[EXTRACTED INFORMATION]
= Beginning of Section =

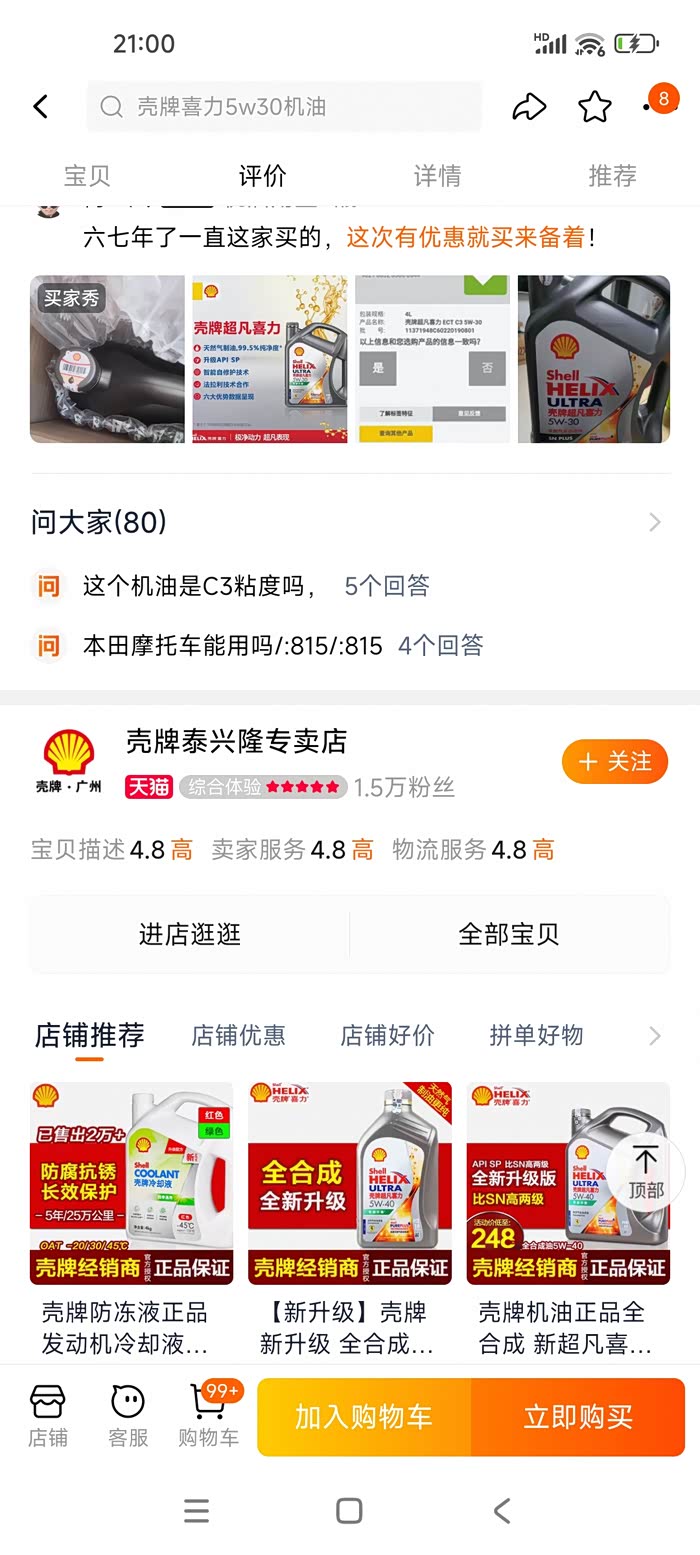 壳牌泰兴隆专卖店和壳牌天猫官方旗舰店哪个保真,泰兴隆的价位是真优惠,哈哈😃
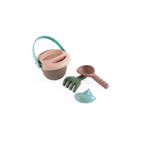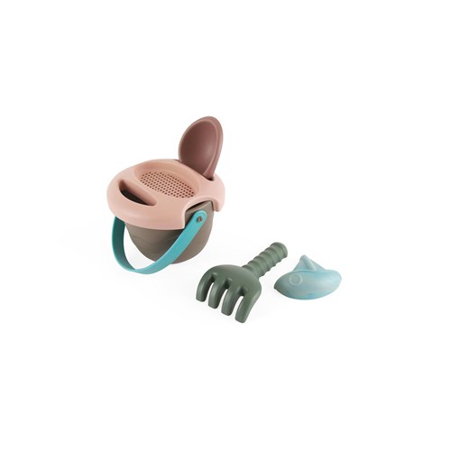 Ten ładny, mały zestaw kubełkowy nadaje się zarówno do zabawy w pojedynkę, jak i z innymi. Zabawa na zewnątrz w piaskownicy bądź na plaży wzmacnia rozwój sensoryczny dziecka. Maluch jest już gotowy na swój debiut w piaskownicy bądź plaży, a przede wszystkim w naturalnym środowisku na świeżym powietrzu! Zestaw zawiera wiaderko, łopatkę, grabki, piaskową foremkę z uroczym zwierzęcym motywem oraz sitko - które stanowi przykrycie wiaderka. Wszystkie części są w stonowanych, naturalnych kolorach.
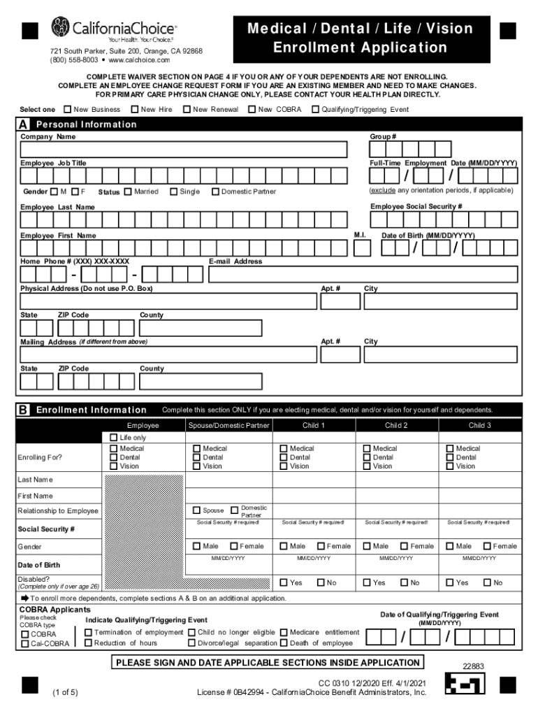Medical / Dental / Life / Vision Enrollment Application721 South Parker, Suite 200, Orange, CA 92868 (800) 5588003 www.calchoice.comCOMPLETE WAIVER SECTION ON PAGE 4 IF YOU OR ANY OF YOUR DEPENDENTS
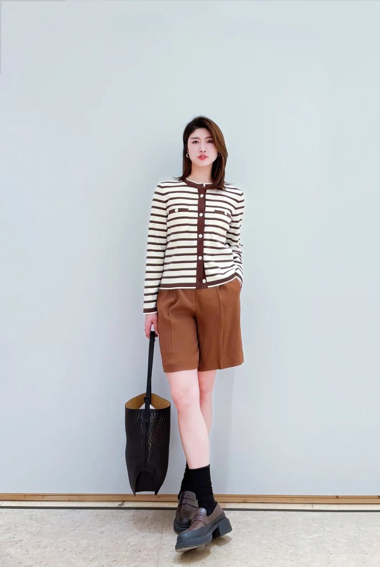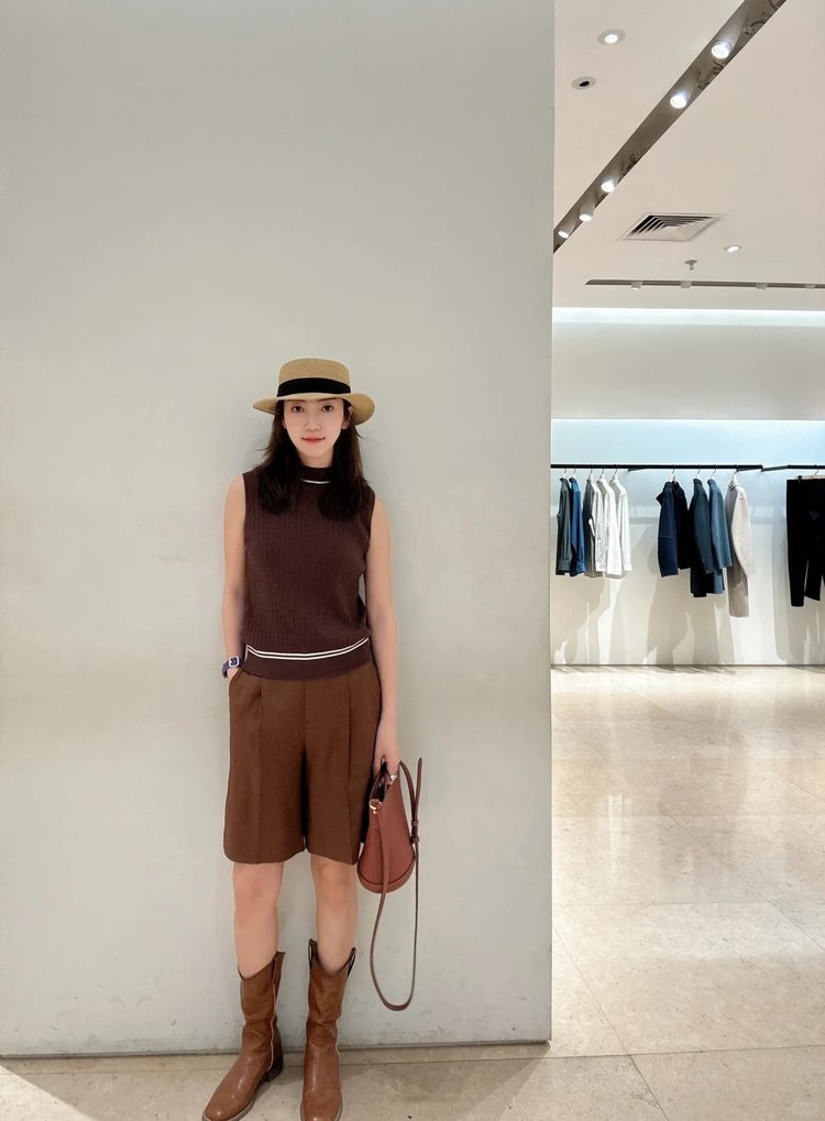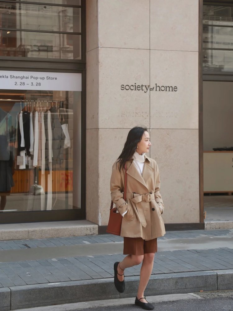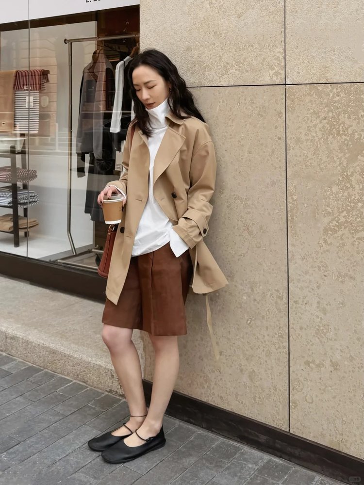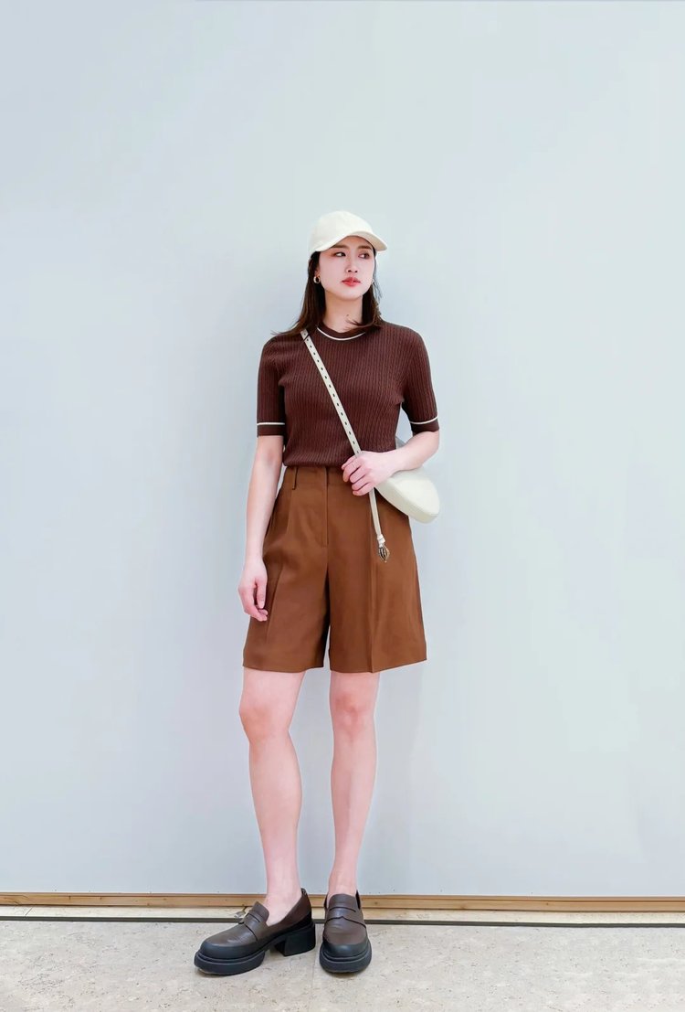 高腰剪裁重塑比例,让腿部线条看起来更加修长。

= End of Section =
= Beginning of Section =

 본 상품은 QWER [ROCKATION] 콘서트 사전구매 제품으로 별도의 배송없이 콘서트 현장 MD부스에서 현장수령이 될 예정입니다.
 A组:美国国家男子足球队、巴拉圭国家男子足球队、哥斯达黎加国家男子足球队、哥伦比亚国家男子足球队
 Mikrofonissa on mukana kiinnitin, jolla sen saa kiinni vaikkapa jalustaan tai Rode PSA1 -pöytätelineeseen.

= End of Section =

[TASK DIRECTIONS] What is wanted is an exact copy of the lines above from the one containing "壳牌泰兴隆专卖店和壳牌天猫官方旗舰店哪个保真,泰兴隆的价位是真优惠,哈哈😃" through the one containing "高腰剪裁重塑比例,让腿部线条看起来更加修长。", with no pictures in it.

[TASK RESPONSE]
 壳牌泰兴隆专卖店和壳牌天猫官方旗舰店哪个保真,泰兴隆的价位是真优惠,哈哈😃
 Ten ładny, mały zestaw kubełkowy nadaje się zarówno do zabawy w pojedynkę, jak i z innymi. Zabawa na zewnątrz w piaskownicy bądź na plaży wzmacnia rozwój sensoryczny dziecka. Maluch jest już gotowy na swój debiut w piaskownicy bądź plaży, a przede wszystkim w naturalnym środowisku na świeżym powietrzu! Zestaw zawiera wiaderko, łopatkę, grabki, piaskową foremkę z uroczym zwierzęcym motywem oraz sitko - które stanowi przykrycie wiaderka. Wszystkie części są w stonowanych, naturalnych kolorach.
Medical / Dental / Life / Vision Enrollment Application721 South Parker, Suite 200, Orange, CA 92868 (800) 5588003 www.calchoice.comCOMPLETE WAIVER SECTION ON PAGE 4 IF YOU OR ANY OF YOUR DEPENDENTS
 高腰剪裁重塑比例,让腿部线条看起来更加修长。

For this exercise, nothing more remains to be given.